Me alargó la mano y añadió:

—Hermano, ¿estás satisfecho?

Le estreché de nuevo en mis brazos, le rogué que no se separara jamás de mí, que permaneciera entre los blancos, y le ofrecí un grado en el ejército colonial. Aquí me interrumpió, diciendo con aire feroz:

—Hermano, ¿te he propuesto yo acaso que te alistes entre los míos?

Callé, conociendo mi yerro, y él prosiguió en tono festivo:

—Anda, vamos pronto a ver y a consolar a tu mujer.

Semejante propuesta respondía a una necesidad imperiosa de mi alma; me levanté, pues, embriagado de júbilo, y empezamos a caminar. El negro, que conocía la senda, iba delante; Rask nos seguía...

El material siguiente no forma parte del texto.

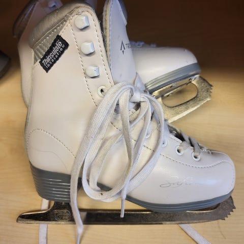 Angel luistimet koossa 31, pohjallisen pituus 21cm. Kunto ok ja hyvässä terässä, mutta oikean jalan luistimessa ulkopuolessa pinnassa painauma/ halkeama, joka ei toki sisältä oikein tunnu. Huomioitu kuitenkin hinnassa. Nouto etusijalla.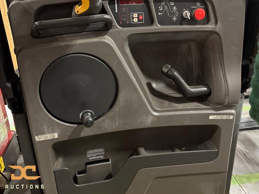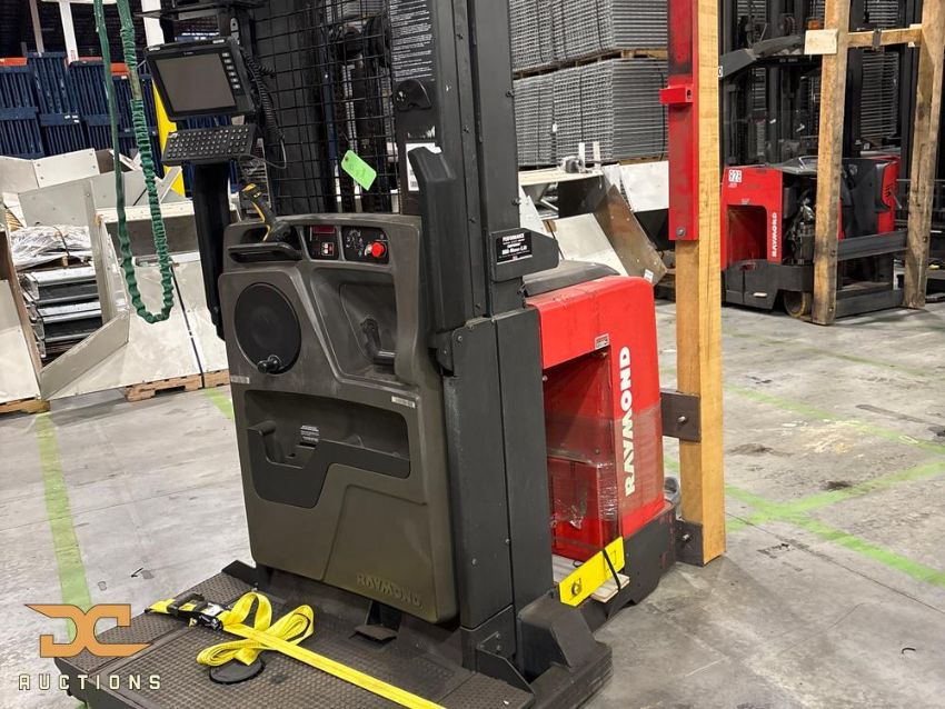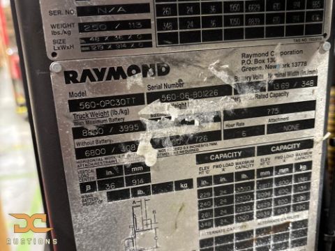Raymond wire-guided order picker, model 560-OPC30TT, year 2006, finished in red and black, with a 3,000 lb capacity and 36V electric power. Features 42" forks, Type E carriage, and cushion tires, with a lowered height of 148" and raised height of 348". Recorded 17,188 deadman hours; engineered for high-reach pallet handling and guided order picking in warehouse operations.

Aquí se detuvo D’Auverney, y echó una mirada lúgubre en derredor; le corría el sudor a gruesas gotas por la frente y se cubrió el rostro entre ambas manos. Rask le estaba mirando con desasosiego.

—Sí, asimismo me mirabas...—pronunció con voz apagada.

Y un minuto después, levantándose con ímpetu, se salió de la tienda; el sargento y el perro le fueron en seguimiento.